# Good TV



## bps3040 (Jan 6, 2008)

This was good so I borrowed it from another site. It was a report on concealed carry.... in a positive light.

http://wmctv.com/Global/story.asp?S=7887906

Ron Krelstein, a Germantown self-defense attorney who wrote the Memphis Police Department's "shoot, don't shoot" policy in 1971, says the law also provides civil immunity to any Tennessee citizen who kills someone in self-defense. That means they cannot be sued by the attacker's family for losses or damages.

Wish we had that in Texas!


----------



## SuckLead (Jul 4, 2006)

Nice. I wish more news outlets would do spots like that.


----------



## Liko81 (Nov 21, 2007)

bps3040 said:


> This was good so I borrowed it from another site. It was a report on concealed carry.... in a positive light.
> 
> http://wmctv.com/Global/story.asp?S=7887906
> 
> ...


Actually, we do.
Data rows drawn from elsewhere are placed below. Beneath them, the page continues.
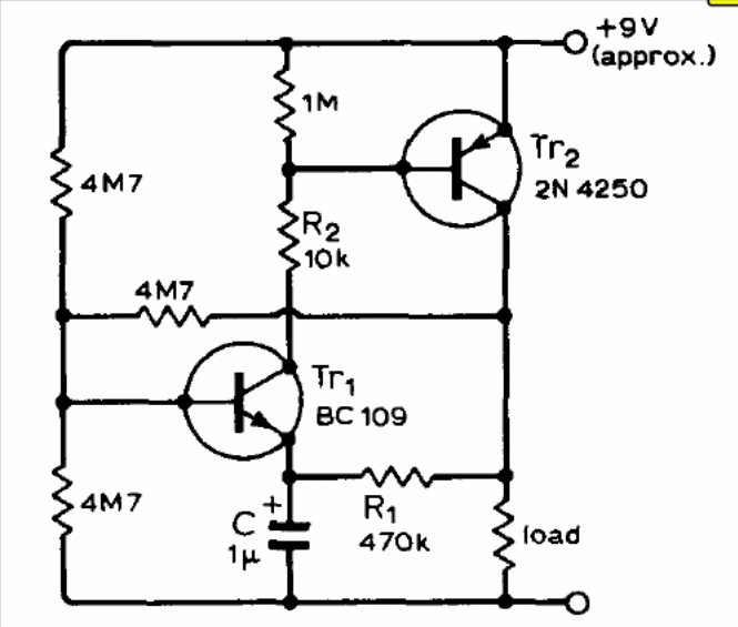 This circuit is from a 1975 technical publication. The PNP transistor can be the BC558 and the NPN a BC548. The frequency is given by C, which can have its value changed in a good range of values. The current drained for 50 mA pulses is only 1 uA, as the pulses are short-lived. The circuit is ideal for exciting LEDs.
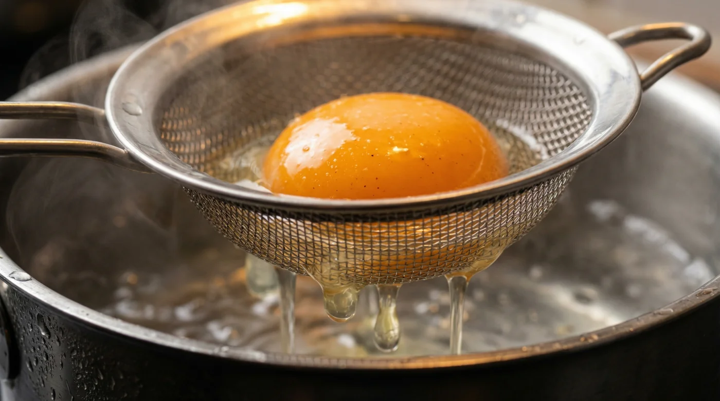 Der Wechsel vom wilden Strudel zum feinen Küchensieb erfordert wenig Aufwand. Du zwingst das Ei nicht länger in eine Form, sondern befreist es von seinem Ballast, bevor die Hitze überhaupt ins Spiel kommt.
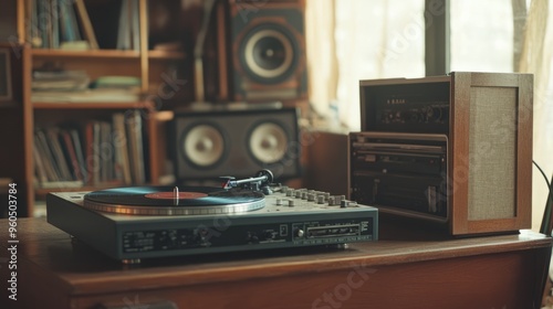 Fototapeta premium Vintage Turntable Revival: Classic Vinyl Sounds with Retro Amp & Speakers
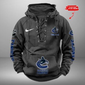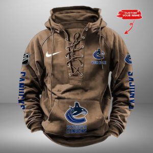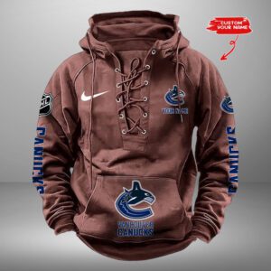 Vancouver Canucks NHL Swoosh Hooded Lace Up Retro Vintage Hoodie Custom Name
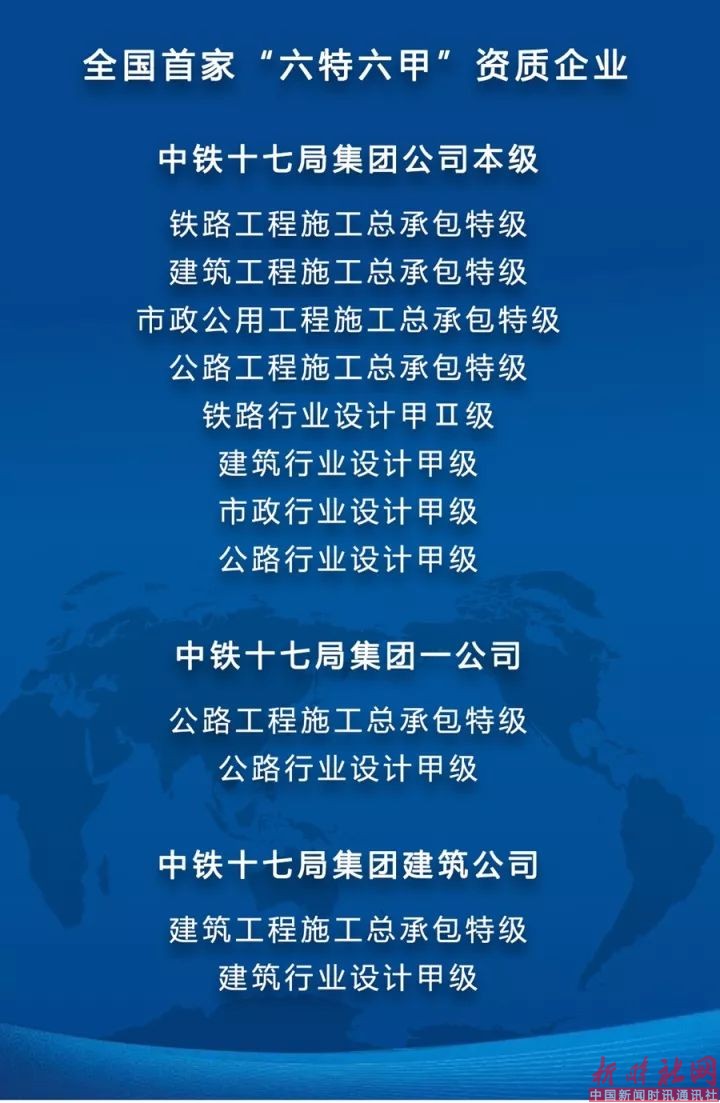 十七局集团成为全国首家拥有6项施工总承包特级资质、6项行业甲级设计资质的企业,充分展示了作为“超级工程”建设者的强大实力,为进一步提升市场开拓能力和品牌竞争力,开展高端经营具有重要意义。
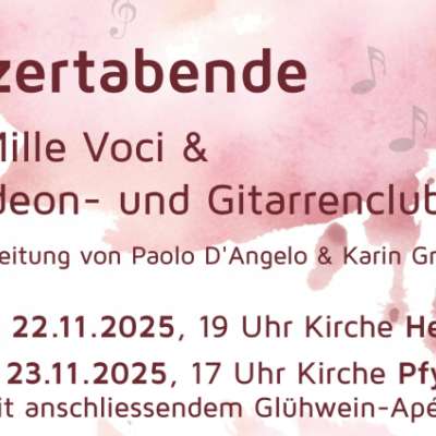Der Coro Mille Voci und der Akkordeon- und Gitarrenclub Pfyn präsentieren ein abwechslungsreiches Programm mit schwungvollen Melodien und warmen Klängen – ganz im Zeichen des gemeinsamen Singens und Musizierens.
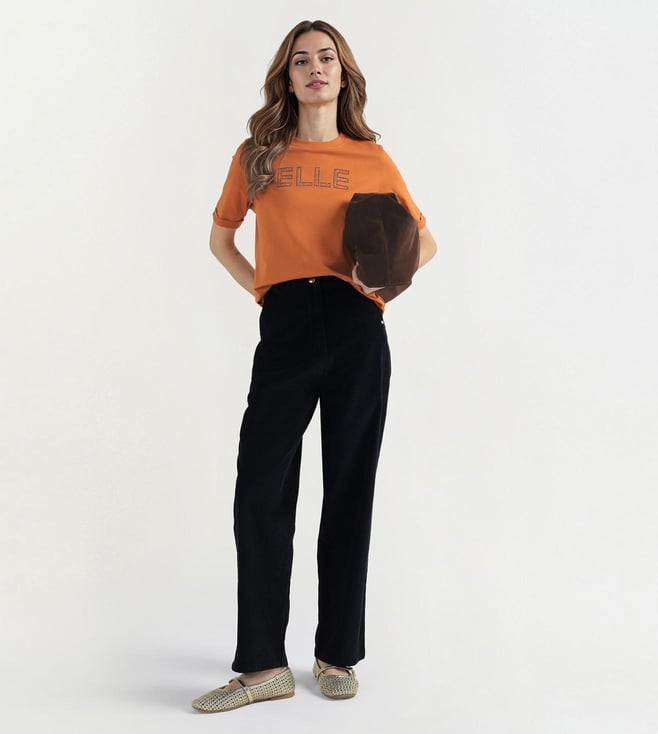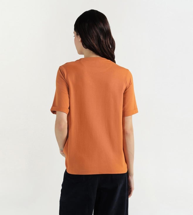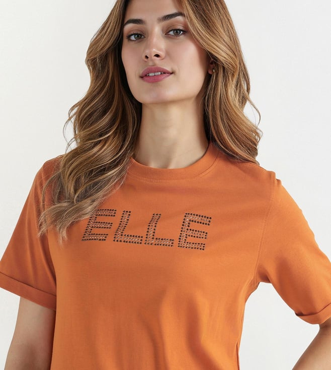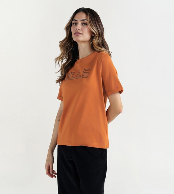 Crafted from pure cotton fabric this rust-colored t-shirt comes with stud detailing at the front. It features a crew neck and half sleeves. The stretchable fabric makes it perfect for casual everyday wear.
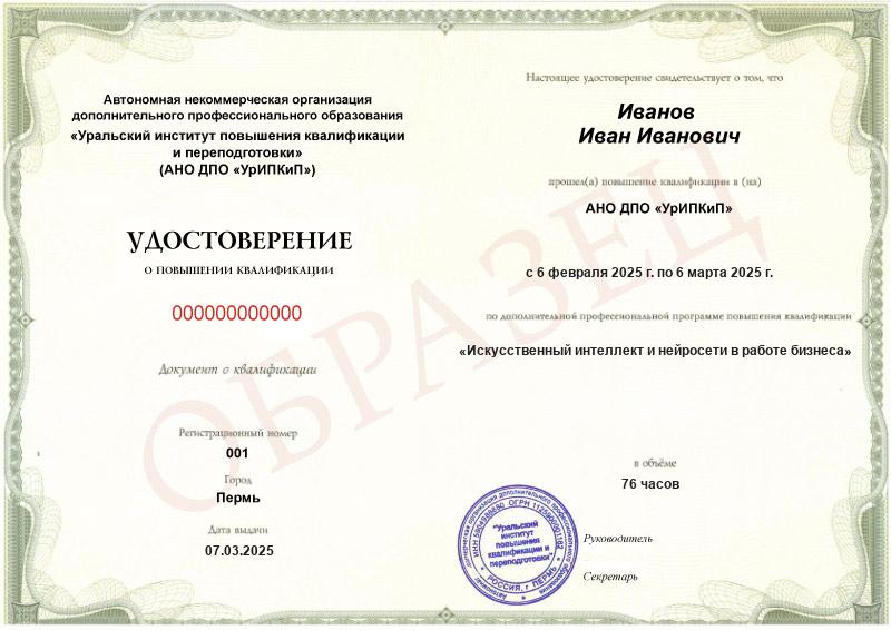 - Образец удостоверения о повышении квалификации.
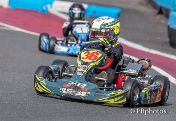Ryan Haines took the wins in the morning heats and then went onto beat his nearest adversary Mike Ashby in the final by just over a second. Ashby had managed to close the gap to his Haines during the heats but despite holding on during the early laps, ultimately fell just shy after 15 laps in the Final. Steve Boret enjoyed tussling with the pair in the first couple of heats until problems prevented him from starting the final. Novice Christopher Kalvashoti was the remaining Rotax runner in 3rd. The only X30 class entrant Michael Hafford had enjoyed racing with the Rotax runners, until handling gremlins held him back in the final. Haines secured the fastest lap on lap 13.
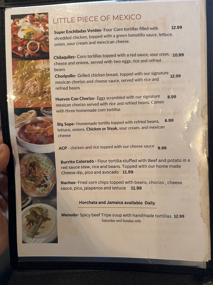 Crispy Corn tortillas bathed in our homemade red sauce topped with cotija cheese, sour cream, red onions and two eggs cooked to your preference. With a side of refried beans and Mexican rice.
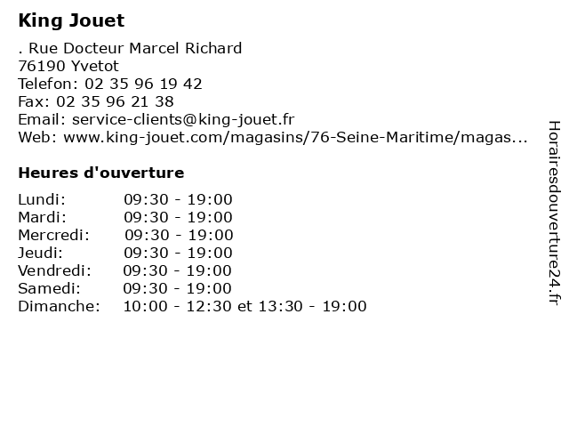 Dimanche | 10:00-12:30 et 13:30-19:00 |
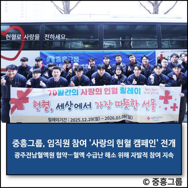 대한적십자 광주전남혈액원 관계자는 "동절기에 접어들면 헌혈 참여자들이 현저하게 줄어든다"라며 "이런 어려운 시기에 도움을 준 중흥그룹에 감사드린다"라고 말했다.
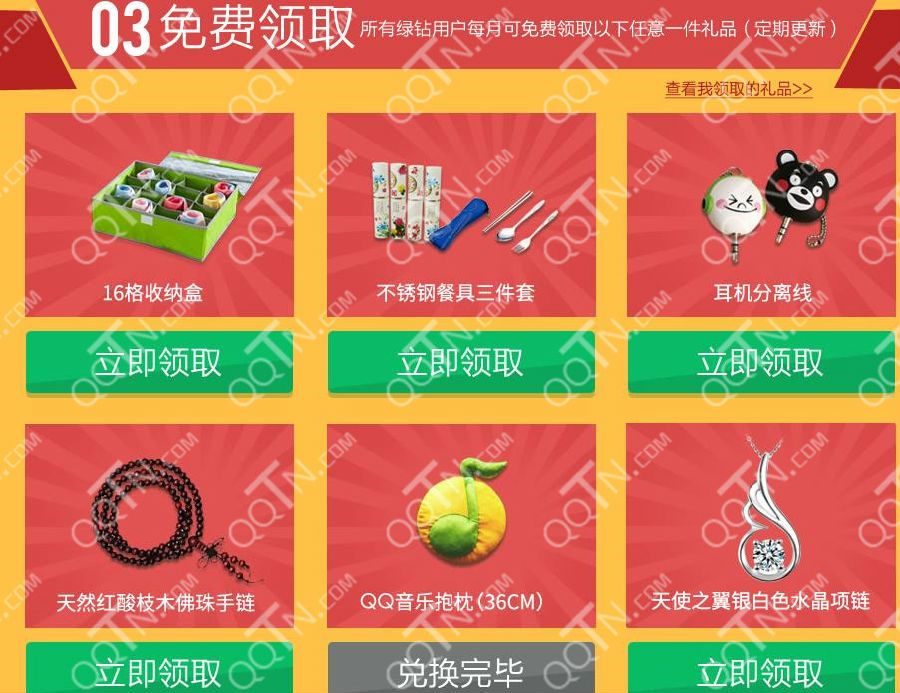 所有绿钻用户每月可免费领取以下任意一件礼品,当然啦,是需要大家出邮费的!
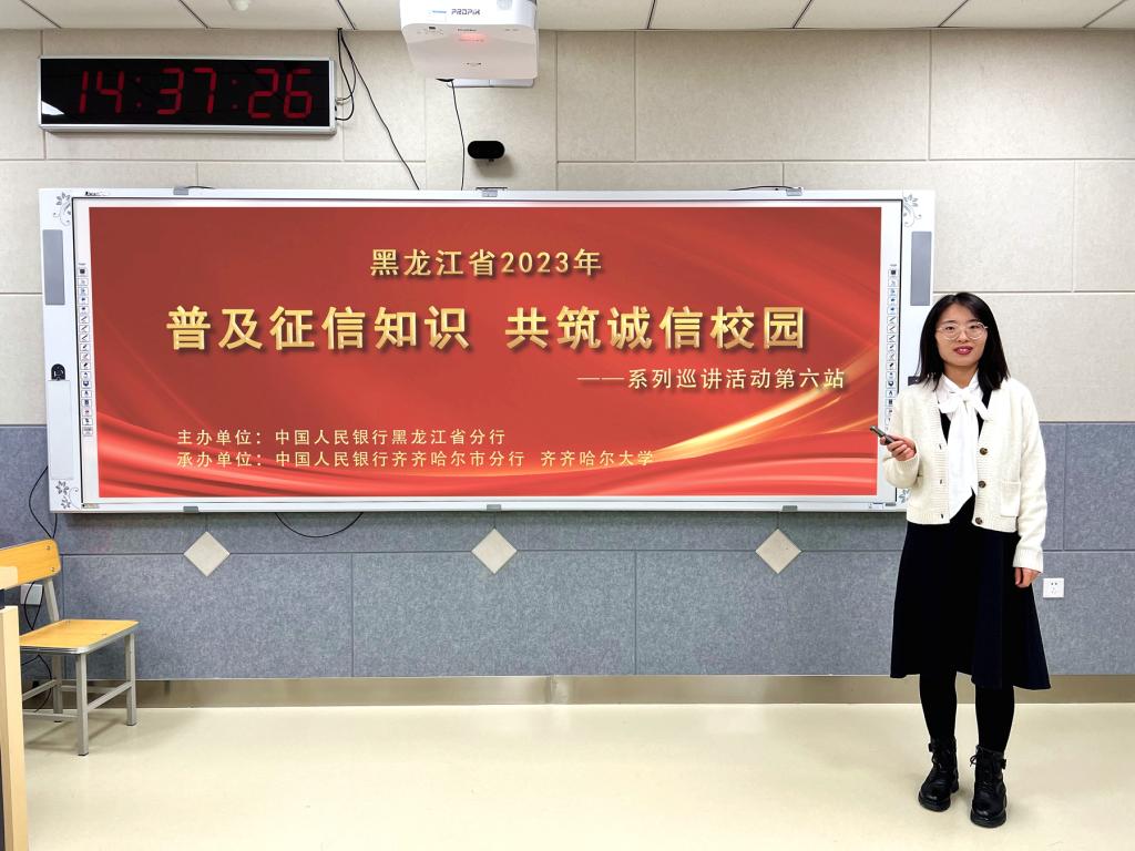 为进一步提升sunbet申搏师生征信与信用意识,强化守信观和价值观教育,在中国人民银行黑龙江省分行的指导下,11月10日,sunbet申搏与中国人民银行齐齐哈尔市分行共同承办的2023年黑龙江省“普及征信知识 共筑诚信校园”系列巡讲第六站活动在养正楼408智慧教室举行。

Civil Practice and Remedies Code, Chapter 83: If you are found to be justified in using force or deadly force under Section 9, you have civil immunity against any civil action brought by the person, representative, or next-of-kin of the person against whom the deadly force was used.

Note this does not shield you from damage to third parties found to be "reckless". If you shoot at a BG and hit a bystander, that bystander could still have a case against you if your action meets the standard for recklessness, which negates justification.


----------